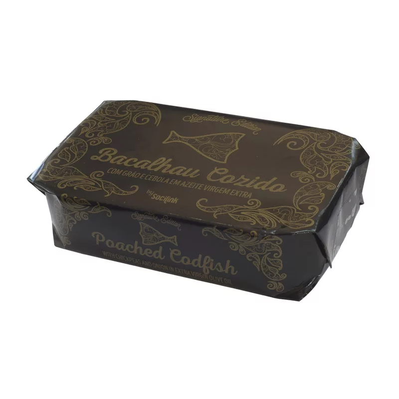 Traditional Portuguese preserved codfish with chickpeas and onions in premium extra virgin olive oil. Rigorously selected fish ensures exceptional quality in every bite.
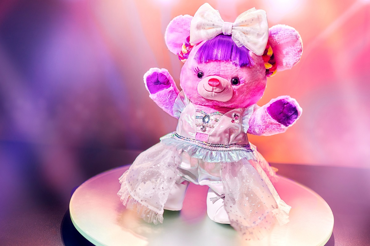 ピンクのかわいいユニベアシティ“ペパロニ”がステージで華やかにパフォーマンスを披露する姿を表現していて、ぬいぐるみ専用コスチュームも華やか!
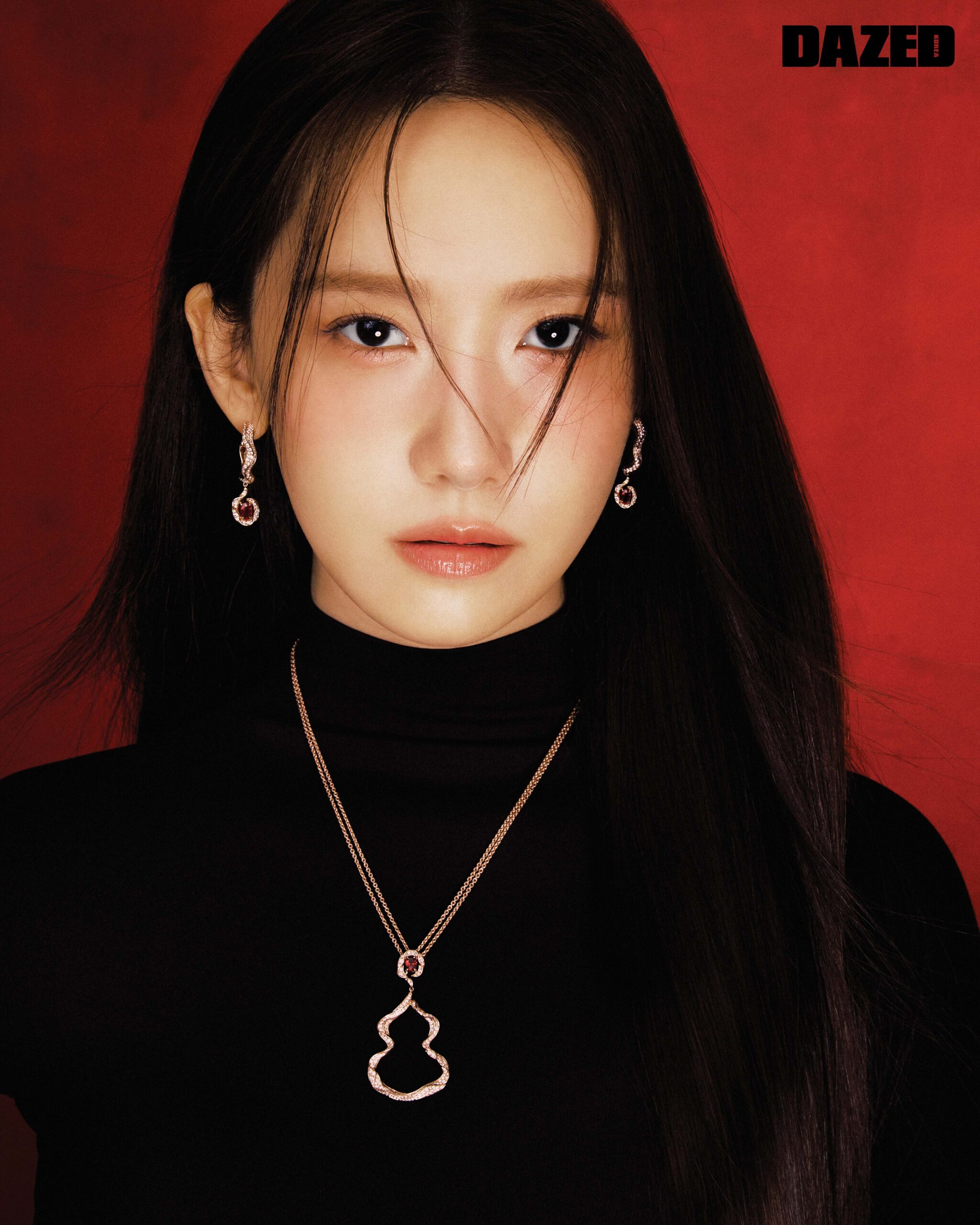 18K 로즈 골드에 181개의 다이아몬드와 0.5캐럿의 오벌 루비를 세팅한 울루 페어리 네크리스, 18K 로즈 골드에 200개의 다이아몬드와 2개의 오벌 루비를 세팅한 울루 페어리 이어링은 키린(Qeelin). 하이넥 드레스는 알라이아(ALAÏA).

------------------------------------------------------------

**Brief**
In this exercise, set down all of the data exactly, without the pictures.

**Written response**
 Traditional Portuguese preserved codfish with chickpeas and onions in premium extra virgin olive oil. Rigorously selected fish ensures exceptional quality in every bite.
 ピンクのかわいいユニベアシティ“ペパロニ”がステージで華やかにパフォーマンスを披露する姿を表現していて、ぬいぐるみ専用コスチュームも華やか!
 18K 로즈 골드에 181개의 다이아몬드와 0.5캐럿의 오벌 루비를 세팅한 울루 페어리 네크리스, 18K 로즈 골드에 200개의 다이아몬드와 2개의 오벌 루비를 세팅한 울루 페어리 이어링은 키린(Qeelin). 하이넥 드레스는 알라이아(ALAÏA).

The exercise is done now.